A Fog of War or a Fog of Ethics?

Through our friend Esther Hanig we attended a showing of Errol Morris’s new documentary, The Fog of War: Eleven Lessons From the Life of Robert S. McNamara. at the Kennedy Library in Dorchester on December 14, 2003. This documentary is an extended adventure into the historico-biography of Robert S. McNamara, most famous as the Secretary of Defense during the Kennedy and Johnson administrations. The movie intersperses close up head shots of McNamara (always shown off center) responding to questions posed by the interviewer (never seen, but clearly the director Morris) with historical footage and graphics illustrating events or concepts.



McNamara today at age 87 McNamara as Sec. of Defense ca 1966.
Photos appropriated from the New York Times web site


One of the most effective sections reveals McNamara’s role in the planning and execution of bombing campaigns during WWII under the command of Gen. Curtis LeMay. This bombing campaign attacked 67 Japanese cities. Morris uses historical footage of the results and then flashes the names of the Japanese cities with their populations on the screen immediately followed by the names and populations of similar-size American cities. In one night a fire-bombing of Tokyo incinerated 100,000 civilians. In the movie, Mr. McNamara tells Mr. Morris. “Lemay said, `If we’d lost the war, we’d all have been prosecuted as war criminals.’ And I think he’s right. He — and I’d say I — were behaving as war criminals.” He asks, “What makes it immoral if you lose and not immoral if you win?” (thanks for this quote to the movie review article “War and Never Having to Say You’re Sorry” by Samantha Power, Published: December 14, 2003 in the New York Times)

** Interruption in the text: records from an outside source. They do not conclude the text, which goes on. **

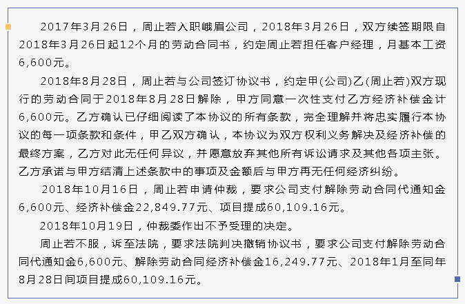 综上所述,协议书不存在可以撤销的法定情形,一审法院判决驳回周止若撤销协议书的诉讼请求,本院认可,予以维持。鉴于协议书系双方权利义务解决及经济补偿的最终方案,故双方劳动关系已经解除、劳动关系中所涉权利义务关系已经通过协议书处理完毕,周止若再行主张劳动关系存续期间的代通金、解除劳动合同经济补偿金、项目提成,无事实和法律依据,本院不予支持。
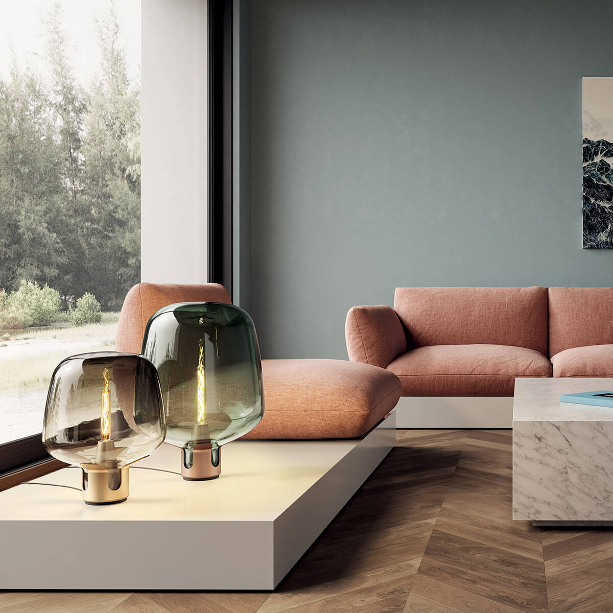 - Schicke Tisch- und Bodenleuchte für den Wohn- und Loungebereich
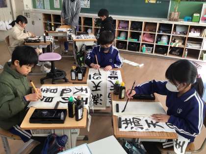 6年生にとっては楷書での書き初めはこれが最後です。これまで学んだことを十分に生かしたよい作品ができました。
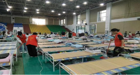 在beat365官方网站体育馆,共有700多名来自云南昆明供电局、云南玉溪供电局等单位支援文昌复电工作人员在这里临时居住。马克思主义学院学生思政社团的同学看到宽阔的体艺馆里整整齐齐摆放着七百多张简易床,内心被深深震撼了,情不自禁地与其他学院学生一起,尽力尽力地帮救灾支援工作人员打扫卫生和整理内务。他们有的扫地板,有的收垃圾,有的帮忙叠被子和整理床位。在志愿服务过程中,同学们被支援工作人员的忘我工作精神、无私奉献精神所打动,真正体会到“一方有难,八方支援”中华民族的传统美德。
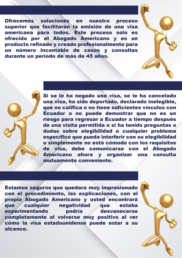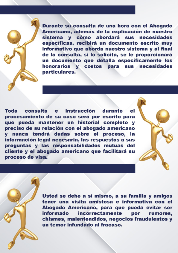 La variedad de problemas, frustraciones e inquietudes que el Abogado ha resuelto bien, ejecuta la gama de situaciones imaginables. No importa la dificultad, él está al día con los requisitos legales, políticas e información especial, así bien preparado para ofrecer la mejor posibilidad de éxito y probablemente la única posibilidad de éxito, por medio de un procedimiento bien transparente, honesto, correcto, en conformidad con los requisitos y comparativamente económico. |
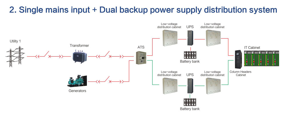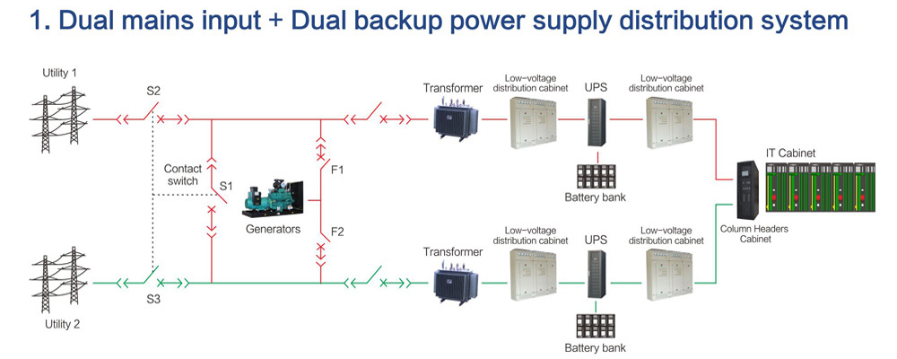 The power supply and distribution system is one of the most important subsystems of the data center. The pre-planning should consider security reliability, system upgrade and capacity expansion, program type, availability, economy and so on. Data center power supply and distribution system consists of high-voltage power supply system and low-voltage distribution system, composed of different power supply and distribution programs to form a complete power supply system. According to the actual situation of different projects, our engineer will offer the best power supply and distribution solution for your datacenter.
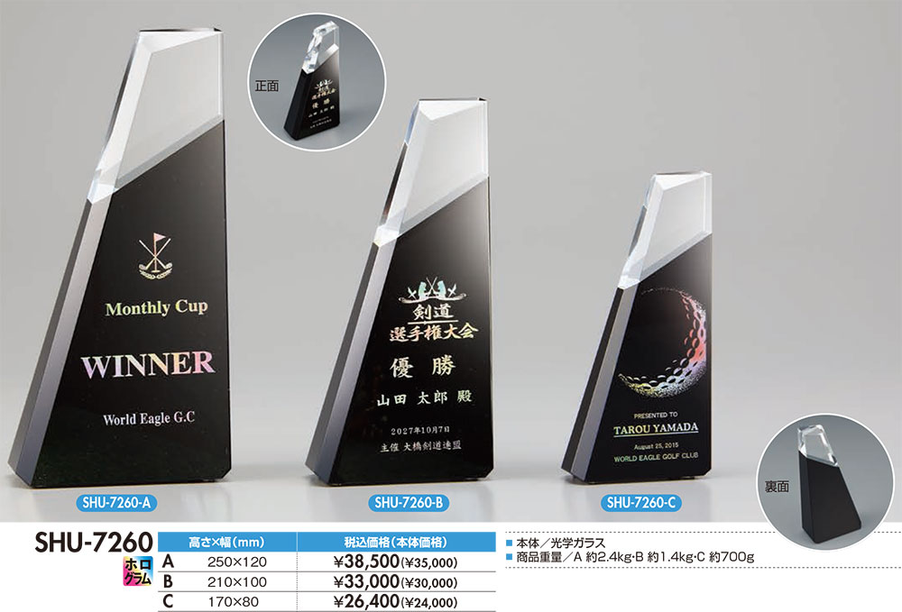 ガラス製 表彰楯 2(品番:SHU-7260)
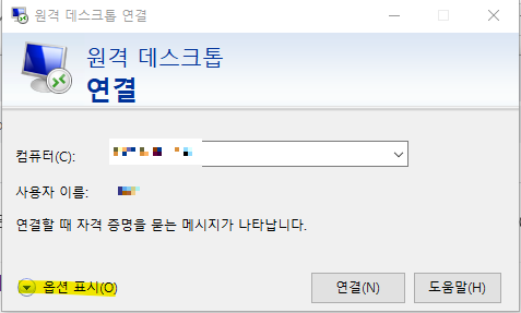 원격 데스크톱 연결에서 옵션 표시 클릭
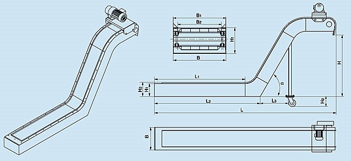● CBP型系列磁性板式排屑机结构紧凑.运转平稳.噪声低.最适宜输送的是吸磁的颗粒状块状切屑以及长度小于15Omm 的断屑。该机器的主要工作元件磁场强大,使其具备良好的排屑性能。此排屑机属于定量排屑.即每组磁性材料能够吸附吸屑的最大量是固定的。即使工作面上堆积了更多的切屑它也是按固定的排屑量进行输送。另外,该排屑机的运动部件全部封闭在壳体内部工作面板上有非切屑异物时,也不会导致机器卡滞、过载。
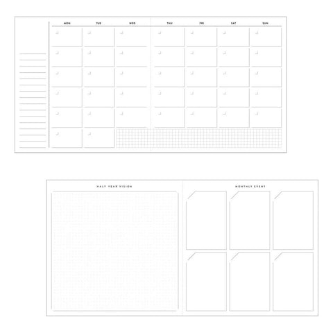 - Half Year Vision planning page with a dot grid layout
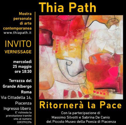 Mostra personale intitolata "Ritornerà la Pace" dal 25 maggio al 30 settembre 2022, presso il Grande Albergo Roma in Via Cittadella 14, Piacenza
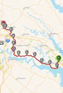 Nach 115 km und 482 Hm war ich heute an meinem Ziel in Mechanicsville, nördlich von Richmond. Es war eine gute Entscheidung, gestern in Williamsburg geblieben zu sein. Zum einen wäre die Strecke gestern ansonsten fast 150 km lang gewesen und ich wäre dazu am Nachmittag in ein starkes Unwetter gekommen, bei dem ich sicher von der Umgebung nicht viel gesehen hätte.

Later, covering the Vietnam War, Morris provides audio tapes of both Kennedy and Johnson speaking with McNamara about the war. These add more fuel to the argument that if Kennedy had lived that he would not have enlarged the US involvement. And, on the other hand, Johnson comes across as clearly responsible. No surprise there.

When asked during the post-screening discussion about why he waited for over twenty years to reveal that he had come to think the Vietnam war a mistake even while still Sec. of Defense, McNamara repeated his claim that as a former Sec of Defense he could not say critical things of the war policy because it would have been giving comfort to the enemy and endangering US troops.

This is a cruel bit of logic.

When McNamara left his position roughly 25,000 Americans had died and probably 10 to 20 times that many Vietnamese. By the time the war actually ended seven years later, more than twice that many had died on both sides. It remains a galling outrage that this man, so intimately involved with the development and prosecution of the Vietnam War, could be seeking absolution twenty years later. It is the minimum we human beings owe to each other that, when confronted with obvious wrong doing, we speak up. This obligation is all the more important for those in positions of power and authority. But, one of Morris’s points in his movie is that evil and evil doers are never quite so easily categorized as might be in an old Western movie.

The end of the post-screening discussions with McNamara displayed this point with fresh vigor. After the program was officially closed, McNamara called for a few more moments of the audience’s attention. He wanted to add to his call for work on developing and deploying a real policy on proliferation of nuclear weapons with a call for international standards for behavior by political leaders enforced by international judicial tribunals. Perhaps we might think of him in the dock for his role in the Vietnam War. Just as a small starting point for the prosecution: during the movie McNamara himself pointed out that more munitions were dropped on Vietnam during the war than all that were used in the European theatre of WWII. And, this, in a country that is just about the same land area as our states of Wisconsin and Minnesota and then, as now, one of the poorest countries in the world.

But, then, McNamara seems incapable of connecting the ethical dots in his own life. How can acknowledge that his role in the fire-bombings of Japan might be considered a “war crime”, his policy in Vietnam wrong, and call for international standards of behavior enforced by international courts??

PS: I highly recommend the movie. It is challenging and very well made.